§ **Exercise details**: Repeat only what runs from the line with "The deep blue" through the last line of the data below, both included, keeping every word as it is and leaving out the pictures.

[[ Recorded information, beginning ]]

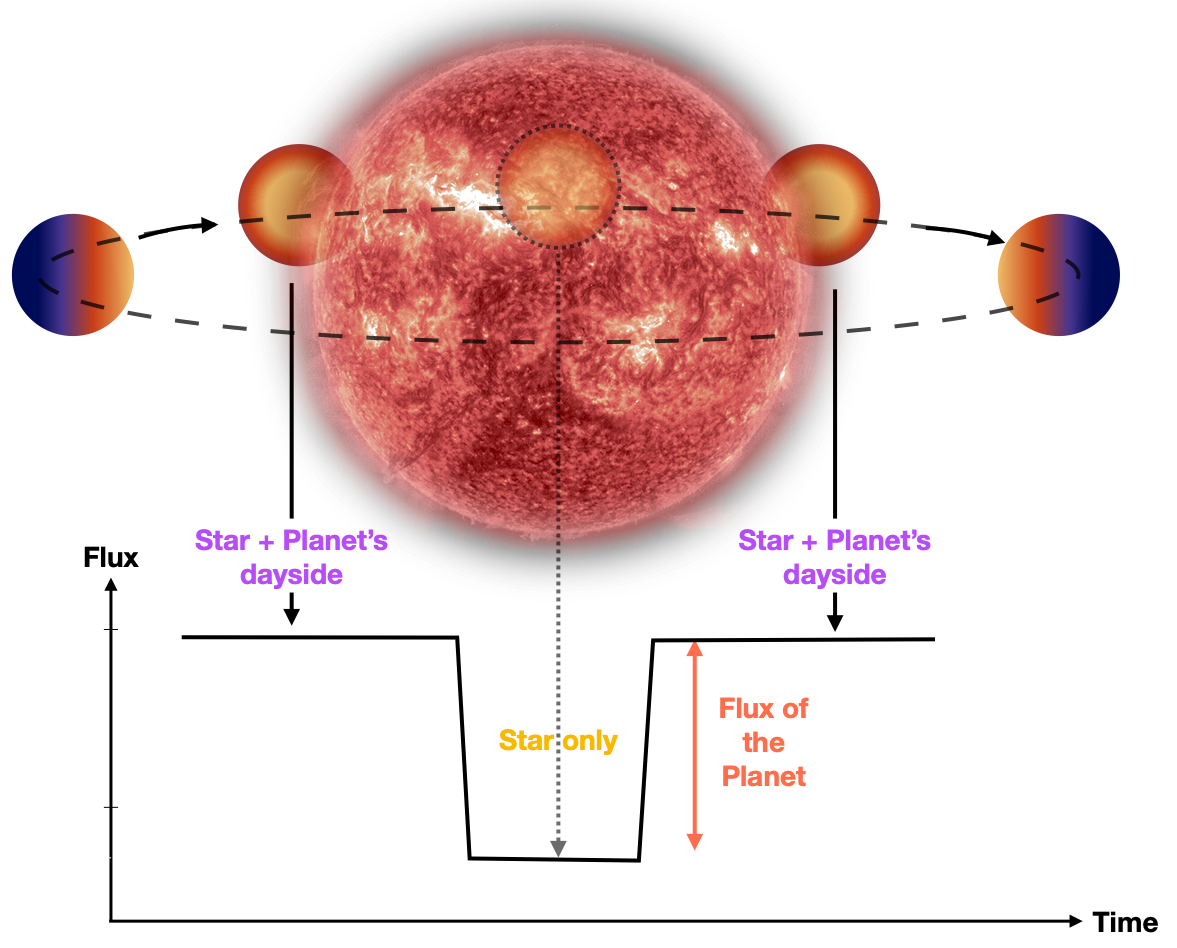 Une solution pour surmonter cette contamination stellaire et obtenir des informations sur la présence (ou l’absence) d’une atmosphère, est de mesurer directement la chaleur de la planète en observant une baisse du flux lorsque la planète passe derrière l’étoile (un événement appelé occultation). En observant l’étoile juste avant et pendant l’occultation, on peut déduire la quantité de lumière infrarouge provenant de la planète (voir Figure 1).
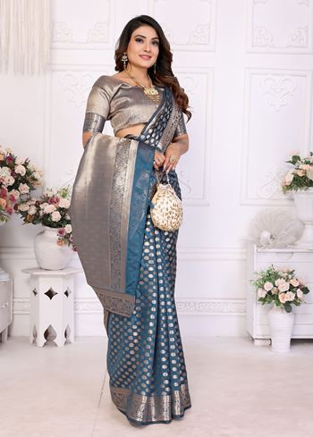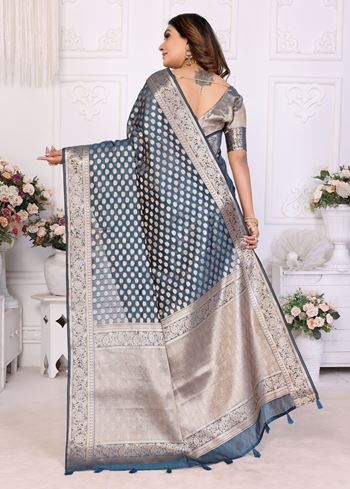 The deep blue shade symbolizes grace and sophistication, while the exquisite gold zari woven work enhances the saree with a royal charm. Each motif is delicately woven, reflecting skilled craftsmanship and artistry that speaks of heritage and grandeur. The shimmer of zari against the soft blue base creates a striking balance, offering a regal yet contemporary look that is perfect for women who love to make a statement.
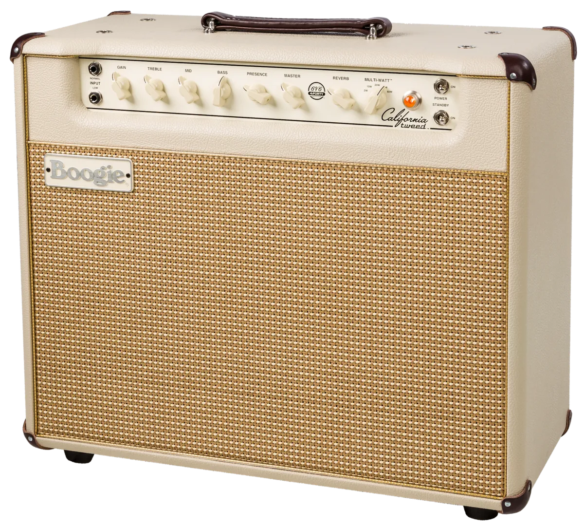 A quick look at the front panel of the California Tweed reveals that it is a simply designed, single channel combo amplifier. The channel includes normal and low inputs, as well as a gain, treble, mid, bass, presence, reverb and master controls. The legendary Vintage all-tube spring reverb effect with the option of connecting an external footswitch to control the reverb and a fully buffered, serial effects loop round off the equipment, which offers everything you need for the perfect "golden" tone - without unnecessary technology or complicated operation. Whether you want to plug your pedals directly into the input or into the integrated effects loop, the California Tweed 6V6 4:40 Combo offers an ideal platform for pedal enthusiasts in a compact head that captures the perfect Vintage sound and redefines portability.
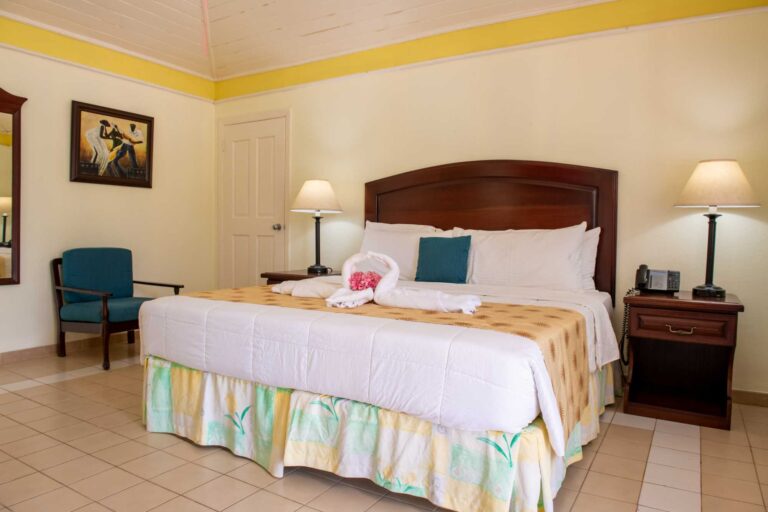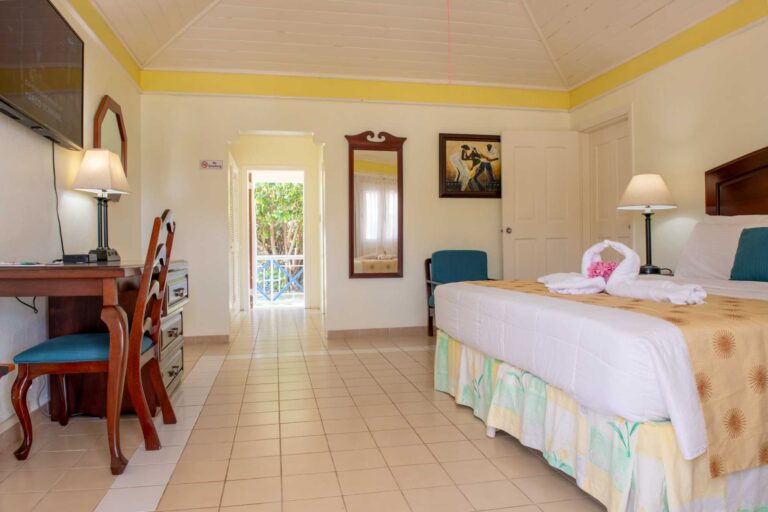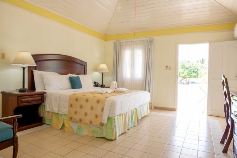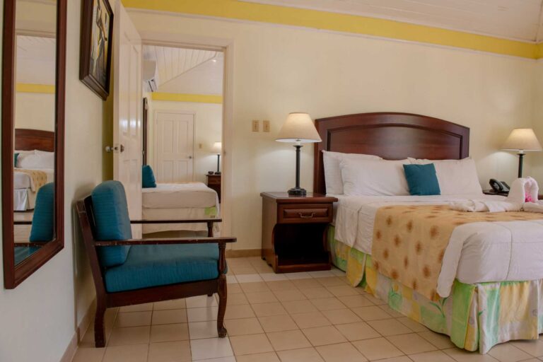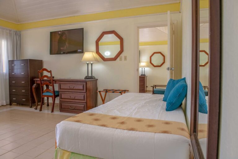 Our spacious rooms feature a choice of a king bed, two doubles, or twin beds, with some offering adjoining doors for families and groups. We have both garden view and ocean view rooms, all just steps from the beach.

[[ Recorded information, end ]]

§ **Output for this task**:
 The deep blue shade symbolizes grace and sophistication, while the exquisite gold zari woven work enhances the saree with a royal charm. Each motif is delicately woven, reflecting skilled craftsmanship and artistry that speaks of heritage and grandeur. The shimmer of zari against the soft blue base creates a striking balance, offering a regal yet contemporary look that is perfect for women who love to make a statement.
 A quick look at the front panel of the California Tweed reveals that it is a simply designed, single channel combo amplifier. The channel includes normal and low inputs, as well as a gain, treble, mid, bass, presence, reverb and master controls. The legendary Vintage all-tube spring reverb effect with the option of connecting an external footswitch to control the reverb and a fully buffered, serial effects loop round off the equipment, which offers everything you need for the perfect "golden" tone - without unnecessary technology or complicated operation. Whether you want to plug your pedals directly into the input or into the integrated effects loop, the California Tweed 6V6 4:40 Combo offers an ideal platform for pedal enthusiasts in a compact head that captures the perfect Vintage sound and redefines portability.
 Our spacious rooms feature a choice of a king bed, two doubles, or twin beds, with some offering adjoining doors for families and groups. We have both garden view and ocean view rooms, all just steps from the beach.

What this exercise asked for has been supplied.